Every line below from the one containing "ヘッドフォンはフカフカで肌触り良く、ノイズキャンセル機能を備えたDenon製。" through the one containing "We ordered a" must be transcribed exactly. Omit all lines outside that stretch.

Available data
● ● ● ●

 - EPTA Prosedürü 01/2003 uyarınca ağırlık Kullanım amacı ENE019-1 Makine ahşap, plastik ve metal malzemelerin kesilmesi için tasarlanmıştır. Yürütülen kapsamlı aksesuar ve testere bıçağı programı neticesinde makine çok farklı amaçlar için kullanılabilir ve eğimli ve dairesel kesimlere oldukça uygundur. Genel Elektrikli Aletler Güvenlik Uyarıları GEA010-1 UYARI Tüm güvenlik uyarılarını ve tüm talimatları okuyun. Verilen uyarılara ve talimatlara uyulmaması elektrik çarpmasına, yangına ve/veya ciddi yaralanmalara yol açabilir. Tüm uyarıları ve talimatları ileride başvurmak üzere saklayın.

● ● ● ●

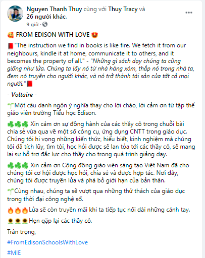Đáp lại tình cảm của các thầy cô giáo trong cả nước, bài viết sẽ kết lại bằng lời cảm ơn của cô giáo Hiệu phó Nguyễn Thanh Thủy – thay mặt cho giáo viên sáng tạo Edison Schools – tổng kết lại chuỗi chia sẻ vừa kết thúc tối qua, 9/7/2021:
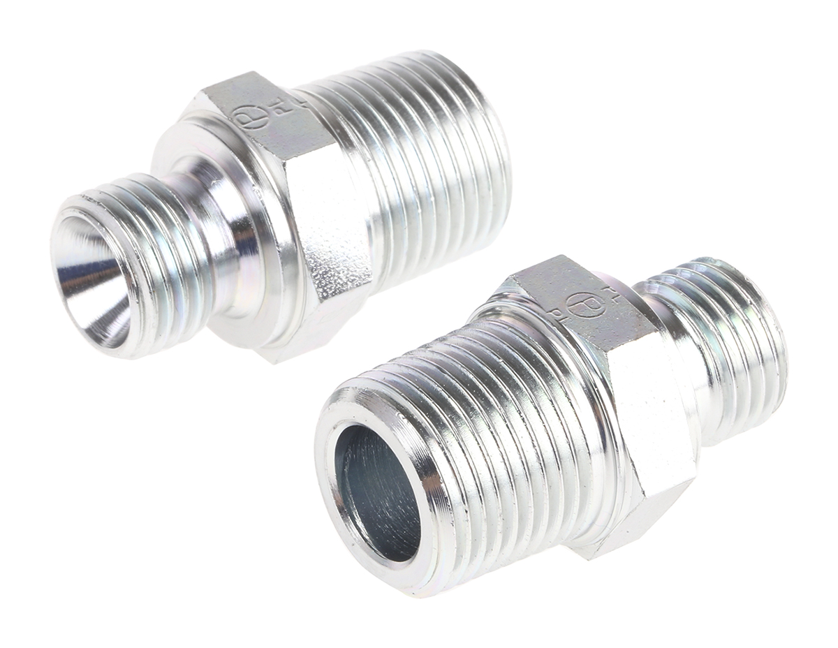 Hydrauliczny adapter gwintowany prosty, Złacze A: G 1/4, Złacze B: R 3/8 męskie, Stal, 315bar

● ● ● ●

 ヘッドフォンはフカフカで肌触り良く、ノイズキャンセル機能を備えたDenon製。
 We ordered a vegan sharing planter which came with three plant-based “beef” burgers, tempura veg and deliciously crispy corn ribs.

● ● ● ●

Response below
 ヘッドフォンはフカフカで肌触り良く、ノイズキャンセル機能を備えたDenon製。
 We ordered a vegan sharing planter which came with three plant-based “beef” burgers, tempura veg and deliciously crispy corn ribs.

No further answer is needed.